Definition
An observable behavior is exactly what the name says: a behavior that a third party (an instructor or examiner) can observe and grade without inferring intent. Each ICAO/IATA core competency is operationalized through a catalogue of OBs that demonstrate it. For example, the competency "Communication" is graded through OBs such as "ensures the recipient is ready and able to receive the information," "selects appropriately what, when, how and with whom to communicate," "conveys messages clearly, accurately and concisely," and "confirms that the recipient correctly understands important information." Each of those is a discrete, observable action — not an inference about the pilot's mental state.
The distinction matters because OBs are gradeable inter-rater. Two examiners watching the same lesson should agree, within a tolerance, on whether the trainee briefed the approach, whether they verified the platform altitude, whether they confirmed PM understanding. They are far less likely to agree on whether the trainee "communicated well." CBTA grading relies on the OB layer specifically because it produces the inter-rater reliability that aggregated competency data requires.
ICAO Doc 9995 (and IATA's equivalent guidance material) publishes a baseline OB catalogue, but operators are expected to elaborate it for their specific operation and aircraft type. A long-haul widebody operator's OBs for "Workload Management" emphasize different behaviors from a single-pilot light-aircraft operator's. EASA's APS-MCC AMC and the various competency-based type-rating programs likewise reference the same baseline but allow operator-specific tailoring within the regulator-approved framework.

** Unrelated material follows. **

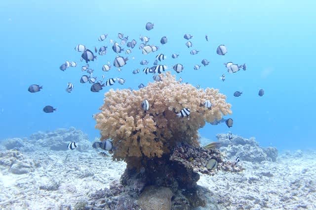 サンゴの周囲にミスジ&フタスジリュウキュウスズメダイがわさぁ~🐟🐠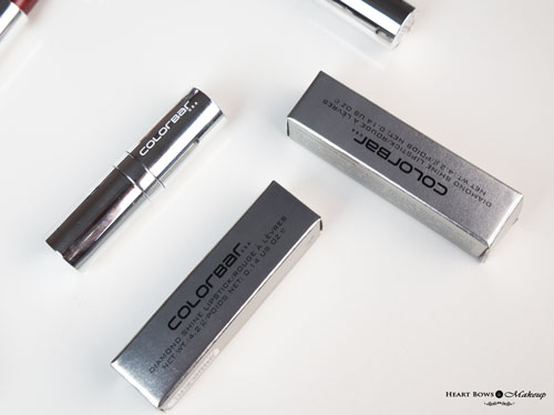 The Colorbar Diamond Shine Lipsticks are packaged in a matte silver box which consists of all the necessary details. The lipstick itself comes in a metallic silver packaging, just like the other Colorbar products. The cap shuts with a click, hence it is less likely to open in your handbag, making it travel friendly. The shade name is mentioned on the bottom of the lipstick which makes identification of a particular color much easier.

The modern grading scale used with OBs is typically a 1-to-5 anchored rating scale, with each level explicitly defined: 1 = unacceptable, 2 = below standard, 3 = standard, 4 = above standard, 5 = exemplary. The anchored definitions remove most of the residual subjectivity from the grading process — and, again, are the basis for inter-rater reliability across the instructor team.
Why It Matters for Flight Schools
Observable behaviors are the data layer of CBTA. The competency layer is for human reasoning (a trainee is weak in Workload Management); the OB layer is for evidence (specifically these three behaviors have been graded 2 across the last six lessons with three different instructors). Without the OB layer, competency assessment becomes instructor opinion. With it, the school produces evidence-grade data on every trainee, every instructor, and every cohort.
The operational risk is over- or under-elaboration of the OB catalogue. A catalogue with 200 OBs is unusable in practice — instructors revert to grading the competency directly because they can't hold 200 OBs in working memory during a debrief. A catalogue with 20 OBs loses too much resolution. The published ICAO and IATA baselines (typically 60–80 OBs across the nine competencies) is the calibrated middle ground that operators should start from.
How Aviatize Handles This
Aviatize stores the school's observable behavior catalogue as configurable, version-controlled data linked to the competency it operationalizes. Each lesson plan references the specific OBs the lesson is designed to develop, and the post-lesson grading interface presents those OBs directly — turning grading into the act of marking the OBs the trainee actually demonstrated, not into the act of inferring a competency grade from memory.
For the chief instructor and Head of Training, OB-level data is the diagnostic that program quality improvement runs on. Aviatize aggregates OB outcomes across students, courses, and instructors, surfacing patterns that the human eye cannot see across hundreds of lessons — the OB nobody is grading well, the instructor whose distributions diverge from peers, the syllabus point where a particular OB stops being met. That data is exactly what a competent regulator audit will ask for, and what airline-customer due diligence will probe.